Johnson also referenced a report from investigative journalist John Solomon questioning why the Bidens’ tax returns show $16 million in income since Biden left the vice presidency while their financial disclosure forms showed a net worth of, at most, $3.2 million.

While the senator refused to speculate on whether there was anything untoward to take away from Solomon’s report, he said there were “so many financial entanglements” and “so much buried” in the Bidens’ financial history that a special counsel might be necessary.

And then there’s that report from Johnson’s committee. Yes, The Times did a victory lap, celebrating it as an exoneration of Joe Biden from partisan hacks who were out to get him.

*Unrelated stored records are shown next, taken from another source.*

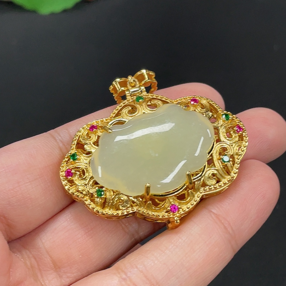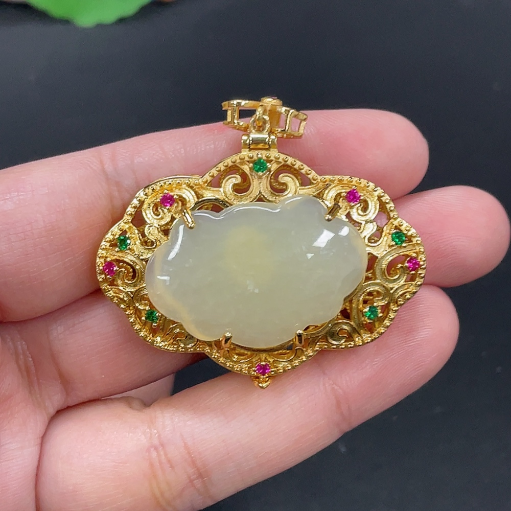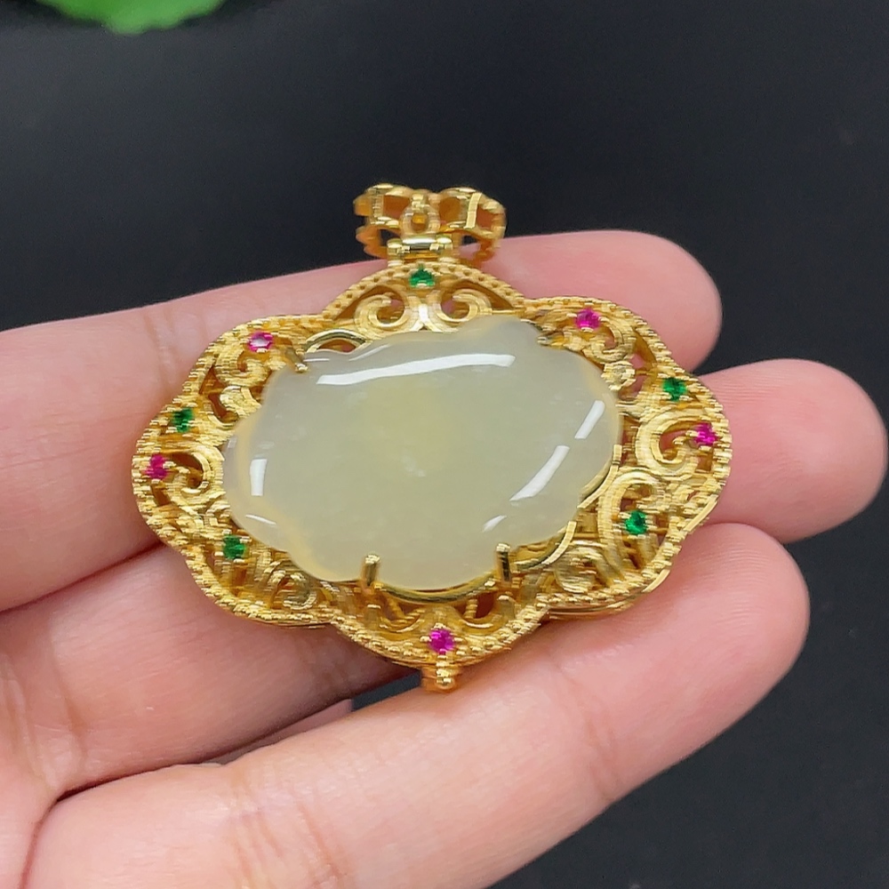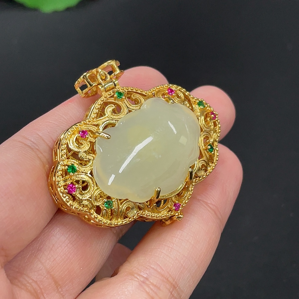 Hetian Jade Inlaid Pendant Total Weight Approx.14.5g Non-Gold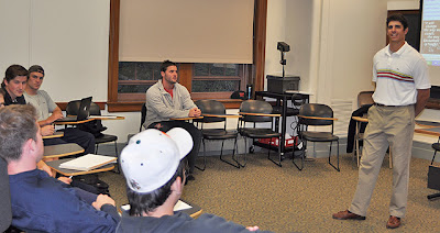 Students in the forum have not had to leave campus to apply the lessons they have learned in the classroom. In a guest blog post, men’s tennis co-captain Steve Hauser ’11, who is also a member of the football team, wrote about the parallels between a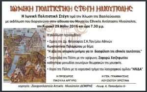 Εκδήλωση - Ιωνική Πολιτιστική Στέγη Ηλιούπολης Εντός των τειχών 21 Μαϊου 2016 Ιωνική Πολιτιστική Στέγη Ηλιούπολης Μουσείο Εθνικής Αντίστασης Ηλιούπολη Κωνσταντινούπολη Ηλιούπολη για όλους Ήλιδα www.ilioupoligiaolous.gr Προβλήθηκε 2210 φορές Δείτε Επίσης: Εντός των τειχών Δείτε τα Όλα Ειδικό σχολείο -''H έκθεση της Διεύθυνσης Υγειονομικού Ελέγχου και Περιβαλλοντικής Υγιεινής της Περιφέρειας Αττικής'' 17 Μαρτίου 2026 Η έκθεση της Διεύθυνσης Υγειονομικού Ελέγχου της Περιφέρειας ζητά την άμεση αποκατάσταση των φθορών για την προστασία της υγείας μαθητών, προσωπικού και διδασκόντων. ΠΑΣΟΚ Ηλιούπολης - Οι 22 εκλεγόμενοι σύνεδροι. 16 Μαρτίου 2026 Ο κατάλογος των τελικά είκοσι δύο (22) εκλεγόμενων συνέδρων με τους σταυρούς που έλαβαν. Ισοπαλία για τον ΧΑΡΑΥΓΙΑΚΟ και τον ΦΩΣΤΗΡΑ ΗΛΙΟΥΠΟΛΗΣ 13 Μαρτίου 2026 ΚΥΡΙΑΚΗ 15.03.2026 ΚΑΙ ΩΡΑ 03.30 Μ.Μ. Ήττα για την ΗΛΙΟΥΠΟΛΗ ''5η αγωνιστική'' - Super League 2 (play out) 13 Μαρτίου 2026 Κυριακή 15.03.2026 Νίκη για την ΔΙΑΝΑ 13 Μαρτίου 2026 ΣΔΑΒΒΑΤΟ 14.03.2026 ΚΑΙ ΩΡΑ 03.30 Μ.Μ. ΑΙΓΑΛΕΩ - ΗΛΙΟΥΠΟΛΗ ''5η αγωνιστική'' - Super League 2 (play out) 12 Μαρτίου 2026 ΚΥΡΙΑΚΗ 15.03.2026 ΚΑΙ ΩΡΑ 03.00 Μ.Μ. 23η αγωνιστική για ΔΙΑΝΑ, ΧΑΡΑΥΓΙΑΚΟ και 22η αγωνιστική για ΦΩΣΤΗΡΑ ΗΛΙΟΥΠΟΛΗΣ 12 Μαρτίου 2026 ΣΑΒΒΑΤΟ 14 & ΚΥΡΙΑΚΗ 15.03.2026 ΚΑΙ ΩΡΑ 03.30 Μ.Μ. Ηλιούπολη: Μήνυσε αστυνομικούς για παράβαση καθήκοντος το 2022 και ακόμα περιμένει το δικαστήριο 09 Μαρτίου 2026 Η απίστευτη ιστορία μίας γυναίκας που έπεσε θύμα τροχαίου

It was a rehash of old conspiracy theories — but it still made Joe Biden look good.

However, there were a few uncomfortable facts The Times wasn’t so willing to address.

The committee report said that “the Obama administration knew that Hunter Biden’s position on Burisma’s board was problematic and did interfere in the efficient execution of policy with respect to Ukraine.”

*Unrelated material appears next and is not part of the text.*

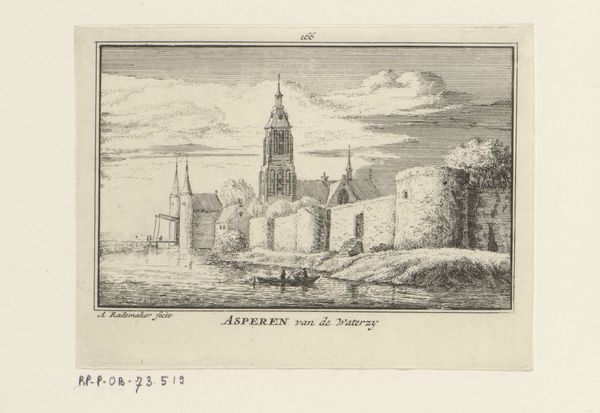 Curator: Ah, this little engraving is captivating. We’re looking at Abraham Rademaker’s “View of the Church at Scheveningen, 1630,” although it was created between 1727 and 1733. Isn’t it interesting how a landscape, so serene on the surface, can hold so much history? Editor: Serene is one word for it, I guess. I’m getting more of a “windswept, lonely outpost” vibe, actually. It’s all greys and stark lines. The church is massive against this turbulent sky…makes you wonder what the community endured, huddling around it. Curator: Exactly! That imposing presence is key. Churches, throughout history, represent stability, refuge. And in this Baroque piece, the dramatic sky, typical of the period, doesn't diminish that symbolic weight; it emphasizes the church’s unwavering presence. The Golden Age was all about moralizing landscapes. Editor: Maybe, but I find myself drawn more to the tiny figures with their cart, barely noticeable. It’s their story I want to know – what's their relationship to this behemoth structure looming over them? They appear to have walked a path before them, with ruts and markings in the foreground. Curator: They offer a human scale, I think. And that cart? Transportation, trade... the lifeblood of the community flowing beneath the church’s gaze. Think of the symbolism—earthly matters existing alongside spiritual guidance. Editor: I’m still caught on that steeple. It's almost needle-like, pointing aggressively towards the heavens, as if it's piercing through the angst ridden sky. But the building and it's mass seem protective rather than imposing, when imagining what its residents seek for. Curator: Perhaps a little of both. This piece holds within its small frame an interplay of security and aspiration that goes beyond its scale. That visual complexity, in the end, it's precisely what makes it endure, I feel. Editor: Yes, an entire history captured in what looks like a fleeting glance.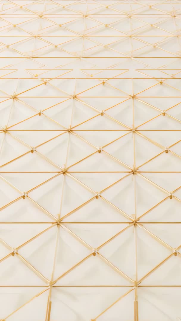AI Generated Image. Vertical video panning upward, revealing gold lattice with rivets mounted on pale lobby wall. Camera movement creating rhythmic motion across geometric diamond panels, catching light and casting soft shadows. Metallic gold finish adding luxurious feel and warm warm tones that complement modern interior design. Use for luxury brand commercials, hotel and real estate promos, corporate openers, social media vertical ads, background for title and logo overlays, product reveal backdrops, motion graphics projects and music video interstitials. Loopable sections highlighting repeating pattern, serving as seamless background for presentations, app intros and website hero sections. High-resolution vertical clip allowing tight framing or slow reveal shots for cinematic sequences and elegant transitions.

“Moreover, this investigation has illustrated the extent to which officials within the Obama administration ignored the glaring warning signs when the vice president’s son joined the board of a company owned by a corrupt Ukrainian oligarchy,” it continued.

“This report not only details examples of extensive and complex financial transactions involving the Bidens, it also describes the quandary other U.S. governmental officials faced as they attempted to guide and support Ukraine’s anticorruption efforts.”

It revealed Hunter Biden’s consulting firm was paid $3.5 million by the wife of a former Moscow mayor, a payment that hasn’t been fully explained even as of now.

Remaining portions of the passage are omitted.